- WHAT IS NEEDED -
Give back exactly the lines from the one that includes "Macrolepiota procera f." to the last line below, both included, and no further lines.

Segment Start: DATASET SECTION

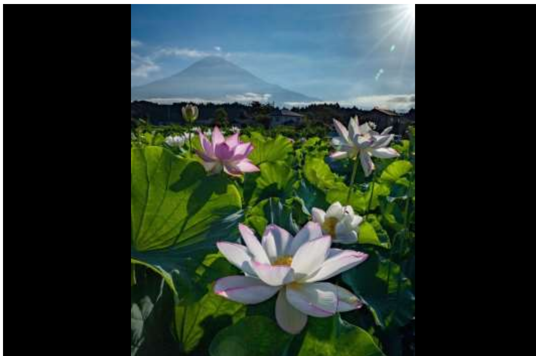
SNS 部門 「蓮田の朝」
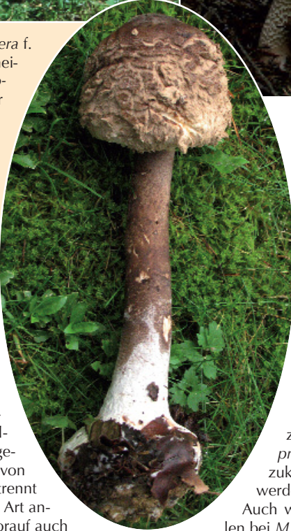
Macrolepiota procera f. fuliginosa unterscheidet sich von f. procera durch dunkler gefärbte Fruchtkörper mit schwächer genatterten Stielen und bei Verletzung häufig rötlich verfärbender Stielrinde.

doch aufgrund der makroskopischen Unterschiede ein Formastatus gerechtfertigt erscheint. M. fuliginosa ss. Lange & Vellinga ist allerdings genetisch sehr wohl von M. procera s. l. getrennt und kann als eigene Art angesehen werden, worauf auch schon VELLINGA (2001c) hinweist. Als anwendbare Namen kommen folglich M. konradii und M. fuliginosa nicht infrage und so bleibt der Name M. rhodosperma übrig, der bereits von VELLINGA (2001c) in die Synonymie von

Segment End: DATASET SECTION

- EXPECTED ANSWER -
Macrolepiota procera f. fuliginosa unterscheidet sich von f. procera durch dunkler gefärbte Fruchtkörper mit schwächer genatterten Stielen und bei Verletzung häufig rötlich verfärbender Stielrinde.

doch aufgrund der makroskopischen Unterschiede ein Formastatus gerechtfertigt erscheint. M. fuliginosa ss. Lange & Vellinga ist allerdings genetisch sehr wohl von M. procera s. l. getrennt und kann als eigene Art angesehen werden, worauf auch schon VELLINGA (2001c) hinweist. Als anwendbare Namen kommen folglich M. konradii und M. fuliginosa nicht infrage und so bleibt der Name M. rhodosperma übrig, der bereits von VELLINGA (2001c) in die Synonymie von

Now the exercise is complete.